Gozaba del placer casi perverso de irse desgajando línea a línea
de lo que lo rodeaba, y sentir a la vez que su cabeza descansaba cómodamente
en el terciopelo del alto respaldo, que los cigarrillos seguían al
alcance de la mano, que más allá de los ventanales danzaba el aire
del atardecer bajo los robles. Palabra a palabra, absorbido por la sórdida
disyuntiva de los héroes, dejándose ir hacia las imágenes que se
concertaban y adquirían color y movimiento, fue testigo del último
encuentro en la cabaña del monte. Primero entraba la mujer,
recelosa; ahora llegaba el amante, lastimada la cara por el
chicotazo de una rama.

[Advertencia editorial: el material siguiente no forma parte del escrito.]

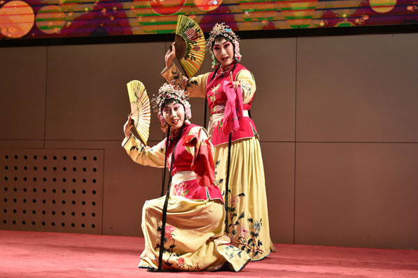 在师生们热切的期盼中,国家一级京胡演奏员滕希娟带来的经典京胡交响协奏曲《迎春》拉开了专场演出帷幕,《迎春》以京胡为主奏乐器,曲调欢快跳跃,令人心旷神怡。随后京剧经典剧目《定军山》选段,讲述了蜀老将黄忠老当益壮,攻占曹军定军山的故事,展现了“老骥伏枥志在千里”的豪情;《报灯名》节奏性强;《卖水》演员载歌载舞, 眼神灵动、嗓音甜脆,把传统花旦戏里特有的“退步圆场”“晃摇肩膀”程式表演得绝美;《坐宫》摇曳多姿,委婉细腻,层次分明;一段《赤桑镇》展现了包拯秉公执法、不徇私情的美德;国家一级演员蒋兰兰和国家二级演员解振宇等表演的现代京剧唱段《红灯记》、《智取威虎山》则勾起了几代人的回忆,场面温馨;京歌《中国戏曲》展现了演员们唱、念、做、打的基本功。

Admirablemente restallaba ella la sangre con
sus besos, pero él rechazaba las caricias, no había venido para
repetir las ceremonias de una pasión secreta, protegida por un
mundo de hojas secas y senderos furtivos. El puñal se entibiaba
contra su pecho, y debajo latía la libertad agazapada. Un diálogo
anhelante corría por las páginas como un arroyo de serpientes, y
se sentía que todo estaba decidido desde siempre. Hasta esas
caricias que enredaban el cuerpo del amante como queriendo retenerlo
y disuadirlo, dibujaban abominablemente la figura de otro cuerpo que
era necesario destruir. Nada había sido olvidado" coartadas,
azares, posibles errores. A partir de esa hora cada instante tenía
su empleo minuciosamente atribuido. El doble repaso despiadado se
interrumpía apenas para que una mano acariciara una mejilla.
Empezaba a anochecer.
Sin mirarse ya, atados rígidamente a la tarea que los esperaba, se
separaron en la puerta de la cabaña. Ella debía seguir por la
senda que iba al norte. Desde la senda opuesta él se volvió un
instante para verla correr con el pelo suelto.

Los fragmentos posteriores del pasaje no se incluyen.